**Data for processing:**

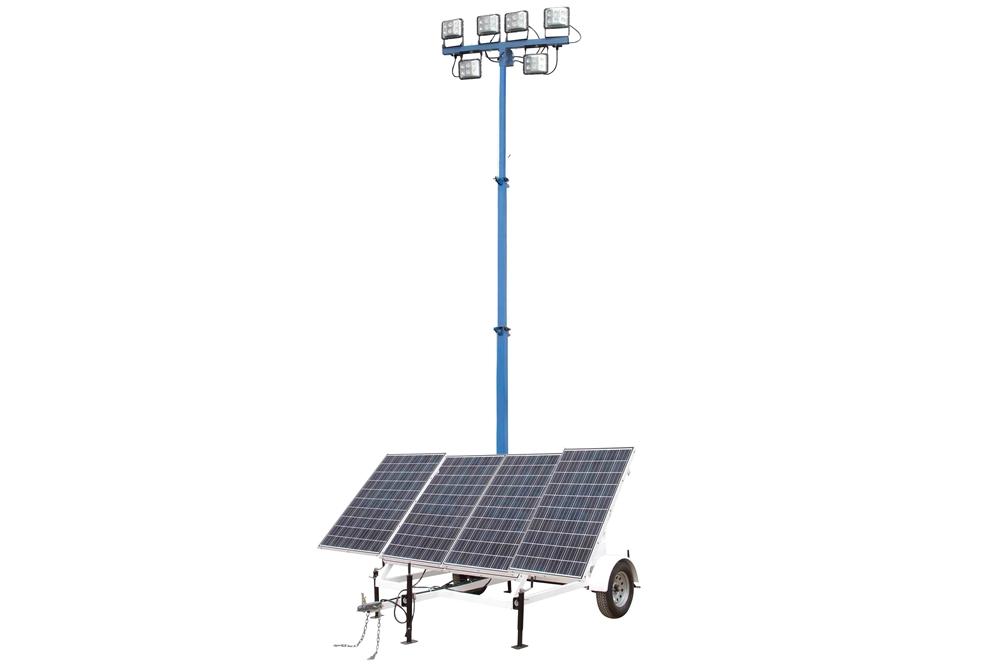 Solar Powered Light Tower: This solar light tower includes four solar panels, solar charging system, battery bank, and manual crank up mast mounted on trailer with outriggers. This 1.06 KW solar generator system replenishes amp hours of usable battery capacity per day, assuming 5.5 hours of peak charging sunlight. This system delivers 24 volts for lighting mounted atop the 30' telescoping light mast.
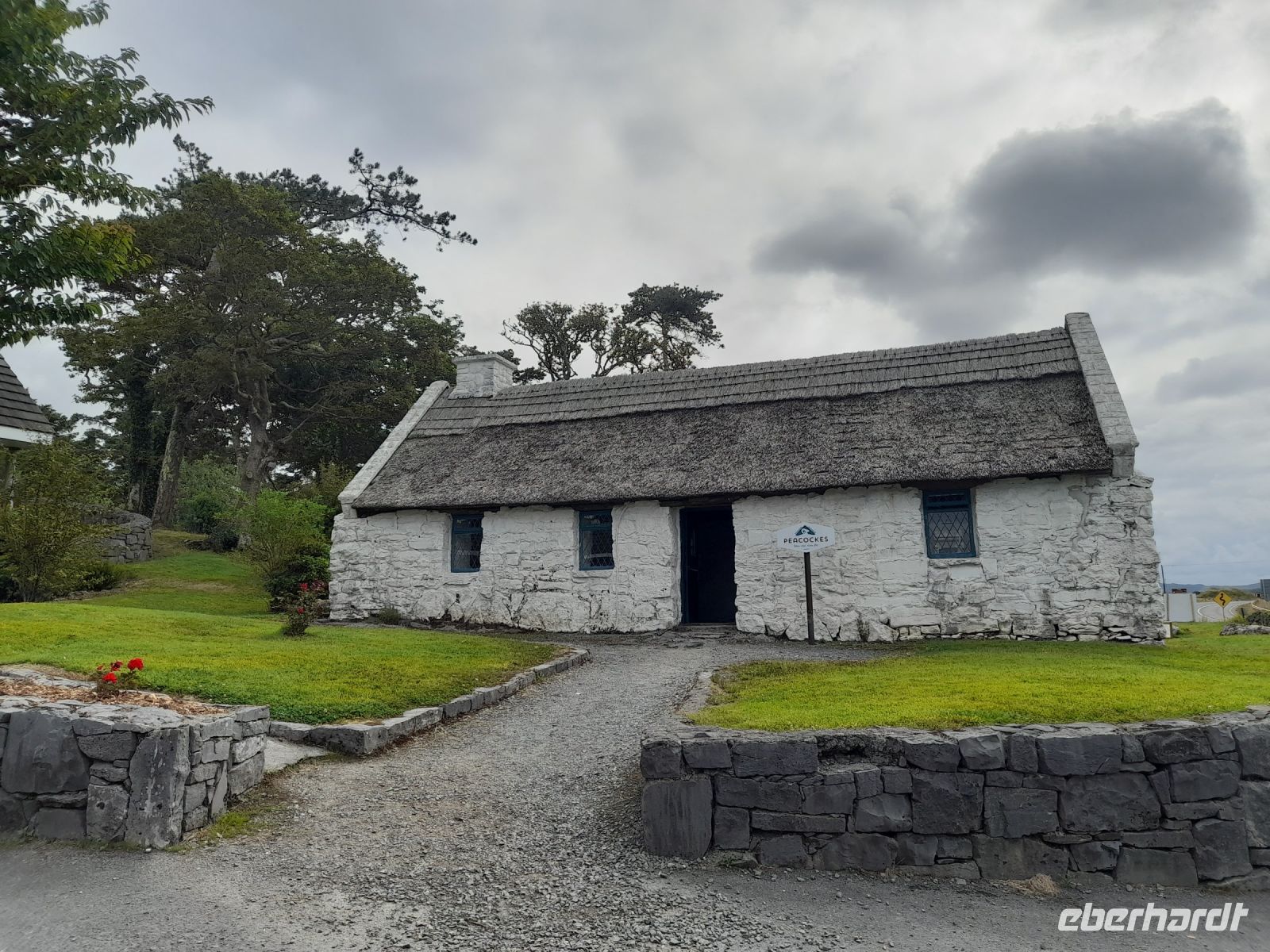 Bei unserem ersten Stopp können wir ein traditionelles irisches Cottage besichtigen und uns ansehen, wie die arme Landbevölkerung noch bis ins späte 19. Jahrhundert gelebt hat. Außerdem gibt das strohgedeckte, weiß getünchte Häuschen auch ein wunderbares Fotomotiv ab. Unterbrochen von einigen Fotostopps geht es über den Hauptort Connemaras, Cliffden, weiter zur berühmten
--
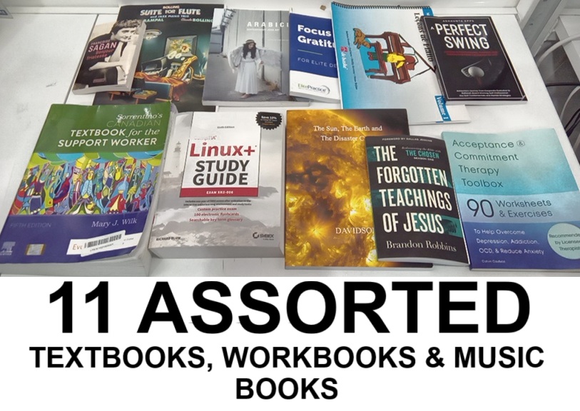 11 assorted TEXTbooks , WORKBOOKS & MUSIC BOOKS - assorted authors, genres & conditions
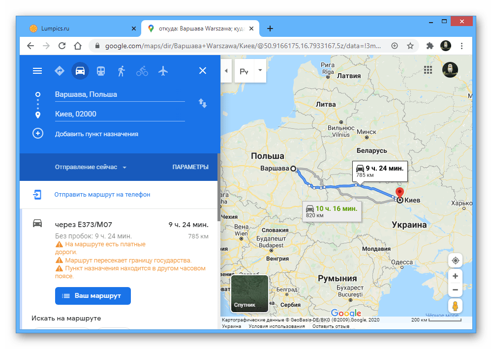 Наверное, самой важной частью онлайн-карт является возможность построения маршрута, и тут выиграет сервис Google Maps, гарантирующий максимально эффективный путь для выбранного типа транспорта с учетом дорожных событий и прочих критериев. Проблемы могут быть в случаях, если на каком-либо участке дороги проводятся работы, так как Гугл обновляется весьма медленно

**What to work on:**
What to print is the stretch of entries from the line with "Solar Powered Light" up to and including the line with "Bei unserem ersten". Please print it exactly and leave out the pictures.

**Expected answer:**
 Solar Powered Light Tower: This solar light tower includes four solar panels, solar charging system, battery bank, and manual crank up mast mounted on trailer with outriggers. This 1.06 KW solar generator system replenishes amp hours of usable battery capacity per day, assuming 5.5 hours of peak charging sunlight. This system delivers 24 volts for lighting mounted atop the 30' telescoping light mast.
 Bei unserem ersten Stopp können wir ein traditionelles irisches Cottage besichtigen und uns ansehen, wie die arme Landbevölkerung noch bis ins späte 19. Jahrhundert gelebt hat. Außerdem gibt das strohgedeckte, weiß getünchte Häuschen auch ein wunderbares Fotomotiv ab. Unterbrochen von einigen Fotostopps geht es über den Hauptort Connemaras, Cliffden, weiter zur berühmten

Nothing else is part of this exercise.